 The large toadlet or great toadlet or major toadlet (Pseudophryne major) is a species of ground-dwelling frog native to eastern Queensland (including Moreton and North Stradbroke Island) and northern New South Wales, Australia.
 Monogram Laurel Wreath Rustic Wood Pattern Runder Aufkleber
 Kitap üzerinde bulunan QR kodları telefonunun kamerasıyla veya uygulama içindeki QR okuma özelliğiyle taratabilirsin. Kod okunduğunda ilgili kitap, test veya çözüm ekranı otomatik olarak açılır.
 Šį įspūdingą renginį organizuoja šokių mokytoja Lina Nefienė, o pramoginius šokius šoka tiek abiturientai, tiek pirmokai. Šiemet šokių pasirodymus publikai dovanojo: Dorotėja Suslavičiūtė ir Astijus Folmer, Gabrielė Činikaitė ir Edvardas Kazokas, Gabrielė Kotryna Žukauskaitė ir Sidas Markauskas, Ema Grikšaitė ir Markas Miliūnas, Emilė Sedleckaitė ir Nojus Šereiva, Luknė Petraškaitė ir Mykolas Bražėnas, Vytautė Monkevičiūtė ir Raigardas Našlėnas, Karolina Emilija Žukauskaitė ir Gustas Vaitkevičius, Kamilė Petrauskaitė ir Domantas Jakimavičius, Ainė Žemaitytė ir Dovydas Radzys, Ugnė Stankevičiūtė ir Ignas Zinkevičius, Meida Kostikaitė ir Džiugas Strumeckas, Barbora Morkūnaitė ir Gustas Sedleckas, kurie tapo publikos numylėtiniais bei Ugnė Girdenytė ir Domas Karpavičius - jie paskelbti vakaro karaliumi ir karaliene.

==

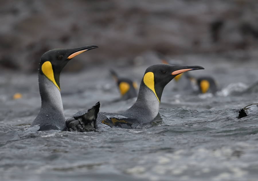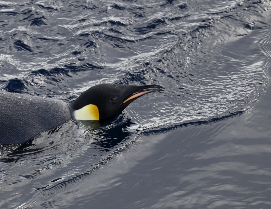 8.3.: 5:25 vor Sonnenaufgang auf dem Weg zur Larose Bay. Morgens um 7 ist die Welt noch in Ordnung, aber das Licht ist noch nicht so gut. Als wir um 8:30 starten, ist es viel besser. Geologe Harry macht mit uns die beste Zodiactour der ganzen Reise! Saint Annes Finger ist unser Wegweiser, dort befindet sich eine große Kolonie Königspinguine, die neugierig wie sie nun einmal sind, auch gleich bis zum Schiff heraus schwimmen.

**What you have to do**:
Above are the entries. Quote exactly the lines from the one bearing "Kitap üzerinde bulunan" through the one bearing "Šį įspūdingą renginį".

**Response area**:
 Kitap üzerinde bulunan QR kodları telefonunun kamerasıyla veya uygulama içindeki QR okuma özelliğiyle taratabilirsin. Kod okunduğunda ilgili kitap, test veya çözüm ekranı otomatik olarak açılır.
 Šį įspūdingą renginį organizuoja šokių mokytoja Lina Nefienė, o pramoginius šokius šoka tiek abiturientai, tiek pirmokai. Šiemet šokių pasirodymus publikai dovanojo: Dorotėja Suslavičiūtė ir Astijus Folmer, Gabrielė Činikaitė ir Edvardas Kazokas, Gabrielė Kotryna Žukauskaitė ir Sidas Markauskas, Ema Grikšaitė ir Markas Miliūnas, Emilė Sedleckaitė ir Nojus Šereiva, Luknė Petraškaitė ir Mykolas Bražėnas, Vytautė Monkevičiūtė ir Raigardas Našlėnas, Karolina Emilija Žukauskaitė ir Gustas Vaitkevičius, Kamilė Petrauskaitė ir Domantas Jakimavičius, Ainė Žemaitytė ir Dovydas Radzys, Ugnė Stankevičiūtė ir Ignas Zinkevičius, Meida Kostikaitė ir Džiugas Strumeckas, Barbora Morkūnaitė ir Gustas Sedleckas, kurie tapo publikos numylėtiniais bei Ugnė Girdenytė ir Domas Karpavičius - jie paskelbti vakaro karaliumi ir karaliene.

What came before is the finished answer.